*Records for processing*
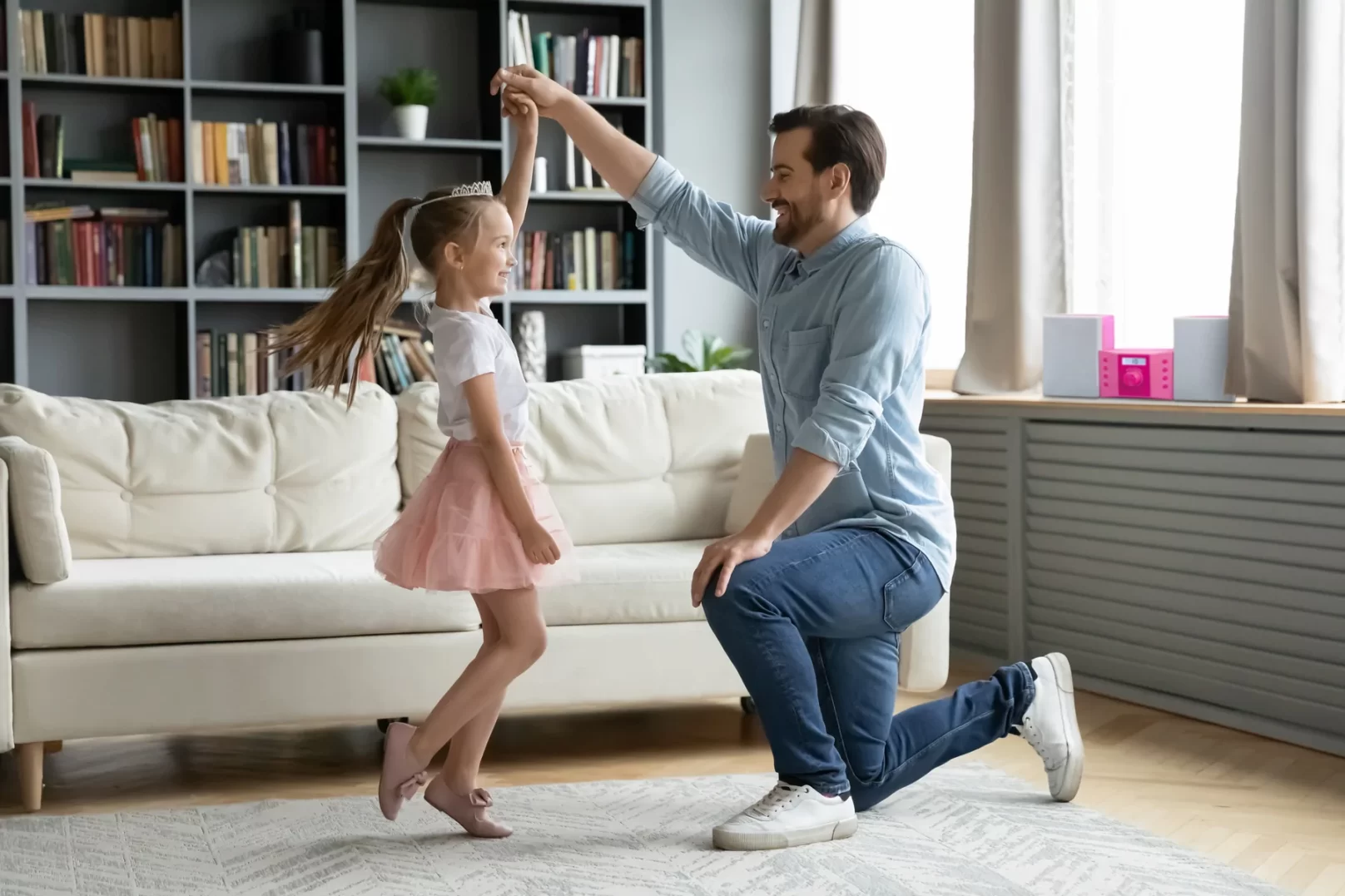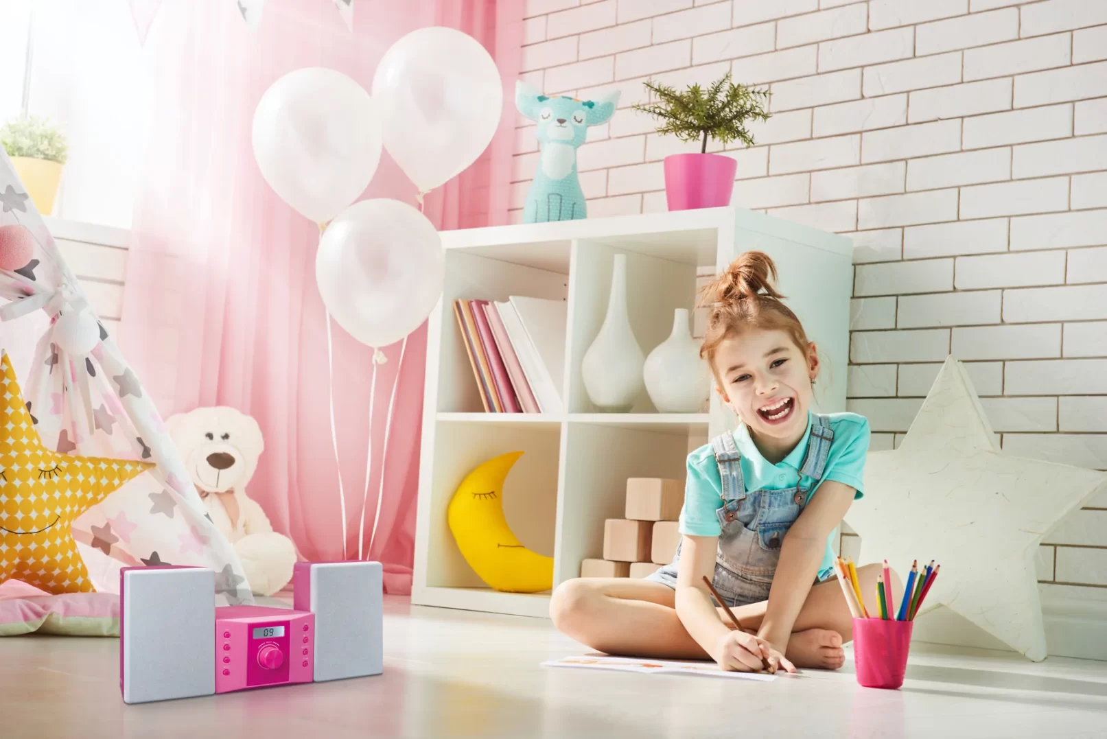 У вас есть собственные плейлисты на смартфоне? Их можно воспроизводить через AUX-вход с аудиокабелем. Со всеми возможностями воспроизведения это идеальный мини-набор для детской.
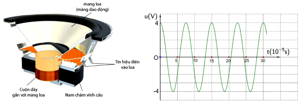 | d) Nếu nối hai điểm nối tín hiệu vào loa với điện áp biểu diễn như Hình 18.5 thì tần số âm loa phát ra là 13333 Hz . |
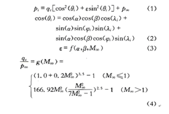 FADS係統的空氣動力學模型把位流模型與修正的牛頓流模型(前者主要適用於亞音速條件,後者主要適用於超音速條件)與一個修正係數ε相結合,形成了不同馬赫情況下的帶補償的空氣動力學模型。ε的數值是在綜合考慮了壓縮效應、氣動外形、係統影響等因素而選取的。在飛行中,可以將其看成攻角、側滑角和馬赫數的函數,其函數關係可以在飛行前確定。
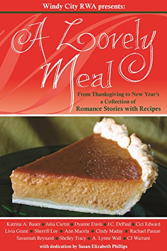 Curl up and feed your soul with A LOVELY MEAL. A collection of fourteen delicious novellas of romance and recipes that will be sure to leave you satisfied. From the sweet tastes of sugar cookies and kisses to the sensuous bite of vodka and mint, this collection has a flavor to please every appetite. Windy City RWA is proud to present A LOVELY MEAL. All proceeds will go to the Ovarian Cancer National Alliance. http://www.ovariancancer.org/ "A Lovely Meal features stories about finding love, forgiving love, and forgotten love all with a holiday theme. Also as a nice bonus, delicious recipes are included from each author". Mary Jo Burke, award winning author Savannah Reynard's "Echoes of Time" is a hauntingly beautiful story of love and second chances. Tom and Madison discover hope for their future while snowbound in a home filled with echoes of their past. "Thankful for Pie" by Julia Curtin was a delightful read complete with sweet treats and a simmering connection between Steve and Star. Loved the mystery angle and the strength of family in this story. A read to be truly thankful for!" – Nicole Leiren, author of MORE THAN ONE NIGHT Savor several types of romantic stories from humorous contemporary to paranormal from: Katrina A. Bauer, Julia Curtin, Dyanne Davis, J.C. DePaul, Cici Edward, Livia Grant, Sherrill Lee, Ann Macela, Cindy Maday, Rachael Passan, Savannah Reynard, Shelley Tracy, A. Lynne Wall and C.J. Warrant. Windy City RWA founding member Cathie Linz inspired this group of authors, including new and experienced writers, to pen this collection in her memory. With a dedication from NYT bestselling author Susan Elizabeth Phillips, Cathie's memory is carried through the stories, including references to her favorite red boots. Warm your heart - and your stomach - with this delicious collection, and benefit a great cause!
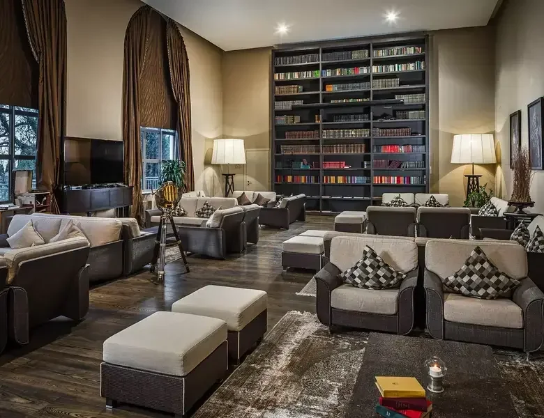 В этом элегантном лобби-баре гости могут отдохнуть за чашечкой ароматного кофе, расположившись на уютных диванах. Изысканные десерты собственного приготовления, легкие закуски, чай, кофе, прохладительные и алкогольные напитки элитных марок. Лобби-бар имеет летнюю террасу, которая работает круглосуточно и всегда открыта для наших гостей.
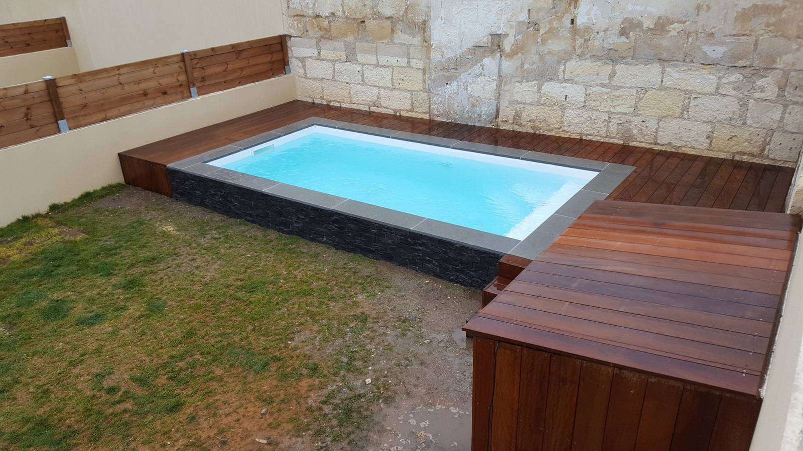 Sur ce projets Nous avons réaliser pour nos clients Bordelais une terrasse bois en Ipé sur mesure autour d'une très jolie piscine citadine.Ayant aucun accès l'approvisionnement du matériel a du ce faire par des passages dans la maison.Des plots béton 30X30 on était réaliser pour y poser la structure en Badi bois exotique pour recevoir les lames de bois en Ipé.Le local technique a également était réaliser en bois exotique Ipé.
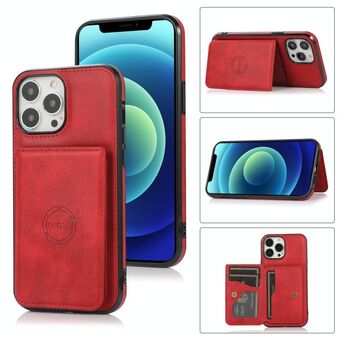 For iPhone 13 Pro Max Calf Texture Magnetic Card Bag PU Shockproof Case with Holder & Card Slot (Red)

*Task requirements*
Please repeat everything in the data above except the pictures, exactly as it reads.

*Answer box*
 У вас есть собственные плейлисты на смартфоне? Их можно воспроизводить через AUX-вход с аудиокабелем. Со всеми возможностями воспроизведения это идеальный мини-набор для детской.
 | d) Nếu nối hai điểm nối tín hiệu vào loa với điện áp biểu diễn như Hình 18.5 thì tần số âm loa phát ra là 13333 Hz . |
 FADS係統的空氣動力學模型把位流模型與修正的牛頓流模型(前者主要適用於亞音速條件,後者主要適用於超音速條件)與一個修正係數ε相結合,形成了不同馬赫情況下的帶補償的空氣動力學模型。ε的數值是在綜合考慮了壓縮效應、氣動外形、係統影響等因素而選取的。在飛行中,可以將其看成攻角、側滑角和馬赫數的函數,其函數關係可以在飛行前確定。
 Curl up and feed your soul with A LOVELY MEAL. A collection of fourteen delicious novellas of romance and recipes that will be sure to leave you satisfied. From the sweet tastes of sugar cookies and kisses to the sensuous bite of vodka and mint, this collection has a flavor to please every appetite. Windy City RWA is proud to present A LOVELY MEAL. All proceeds will go to the Ovarian Cancer National Alliance. http://www.ovariancancer.org/ "A Lovely Meal features stories about finding love, forgiving love, and forgotten love all with a holiday theme. Also as a nice bonus, delicious recipes are included from each author". Mary Jo Burke, award winning author Savannah Reynard's "Echoes of Time" is a hauntingly beautiful story of love and second chances. Tom and Madison discover hope for their future while snowbound in a home filled with echoes of their past. "Thankful for Pie" by Julia Curtin was a delightful read complete with sweet treats and a simmering connection between Steve and Star. Loved the mystery angle and the strength of family in this story. A read to be truly thankful for!" – Nicole Leiren, author of MORE THAN ONE NIGHT Savor several types of romantic stories from humorous contemporary to paranormal from: Katrina A. Bauer, Julia Curtin, Dyanne Davis, J.C. DePaul, Cici Edward, Livia Grant, Sherrill Lee, Ann Macela, Cindy Maday, Rachael Passan, Savannah Reynard, Shelley Tracy, A. Lynne Wall and C.J. Warrant. Windy City RWA founding member Cathie Linz inspired this group of authors, including new and experienced writers, to pen this collection in her memory. With a dedication from NYT bestselling author Susan Elizabeth Phillips, Cathie's memory is carried through the stories, including references to her favorite red boots. Warm your heart - and your stomach - with this delicious collection, and benefit a great cause!
 В этом элегантном лобби-баре гости могут отдохнуть за чашечкой ароматного кофе, расположившись на уютных диванах. Изысканные десерты собственного приготовления, легкие закуски, чай, кофе, прохладительные и алкогольные напитки элитных марок. Лобби-бар имеет летнюю террасу, которая работает круглосуточно и всегда открыта для наших гостей.
 Sur ce projets Nous avons réaliser pour nos clients Bordelais une terrasse bois en Ipé sur mesure autour d'une très jolie piscine citadine.Ayant aucun accès l'approvisionnement du matériel a du ce faire par des passages dans la maison.Des plots béton 30X30 on était réaliser pour y poser la structure en Badi bois exotique pour recevoir les lames de bois en Ipé.Le local technique a également était réaliser en bois exotique Ipé.
 For iPhone 13 Pro Max Calf Texture Magnetic Card Bag PU Shockproof Case with Holder & Card Slot (Red)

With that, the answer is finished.